Selama 5 bulan terakhir saya telah berbicara dengan para ibu, janda dan saudara perempuan dari laki-laki yang ditembak mati oleh pria bersenjata yang mengendarai sepeda motor atau polisi dalam operasi polisi. Saya berbicara dengan responden saya di rumah mereka, yang sebagian besar terbuat dari besi bergelombang dan kayu reklamasi. Di dekatnya terdapat kantor polisi yang memegang rekor jumlah kematian terkait narkoba tertinggi.
Selama penelitian saya, saya mendengarkan cerita-cerita kehilangan – dari ayah, paman, saudara laki-laki dan suami yang meninggal. Kebanyakan dari mereka adalah pencari nafkah yang telah menentukan apakah sebuah keluarga dapat bertahan hidup dengan penghasilan mereka yang sedikit.

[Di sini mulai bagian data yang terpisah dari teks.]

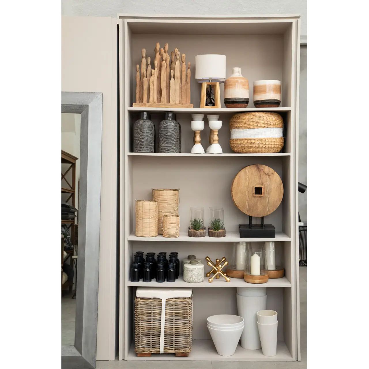 With a natural finish exuding rustic elegance, this wooden sculpture showcases multi-sized human figures standing on a rectangular base. The piece features artistic workmanship and intricately carved detailing.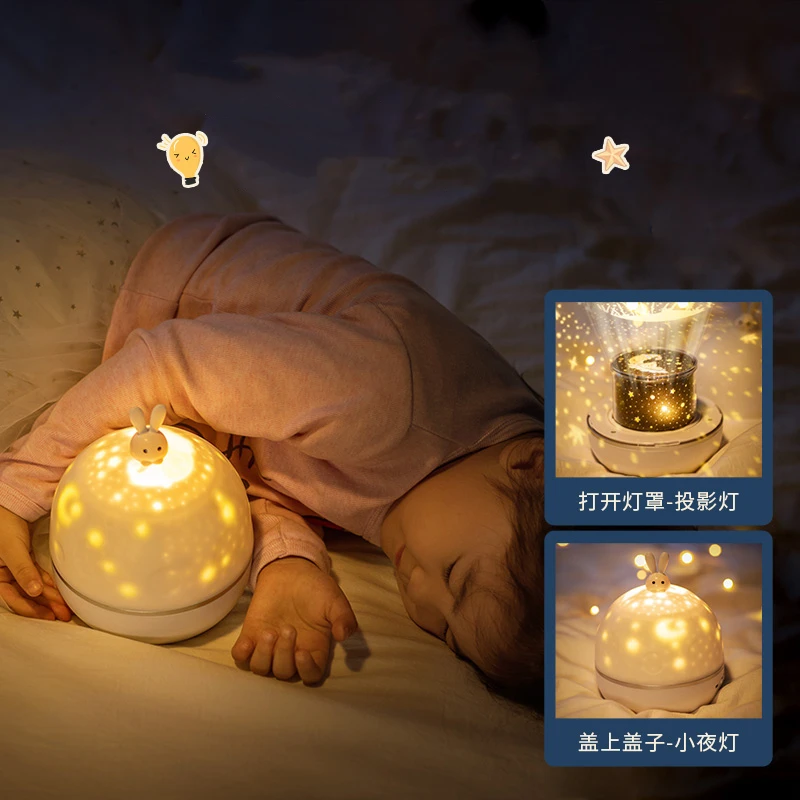 2020 new cute rabbit gifts Starry cosmo rotating led projector night light for kids

Namun demikian, jelas bahwa setelah kematian akibat kekerasan, perempuan bangkit dan mengambil alih kendali. Mereka tidak hanya ditinggalkan oleh orang yang dicintainya, mereka juga ditinggalkan oleh masyarakat yang seolah menutup mata terhadap kesedihan mereka.
Saya bertemu Kristina, ibu 5 anak berusia 26 tahun yang kehilangan pasangannya selama 10 tahun setelah dia dan dua rekan kerjanya ditembak di toko barang bekas beberapa rumah dari rumah mereka.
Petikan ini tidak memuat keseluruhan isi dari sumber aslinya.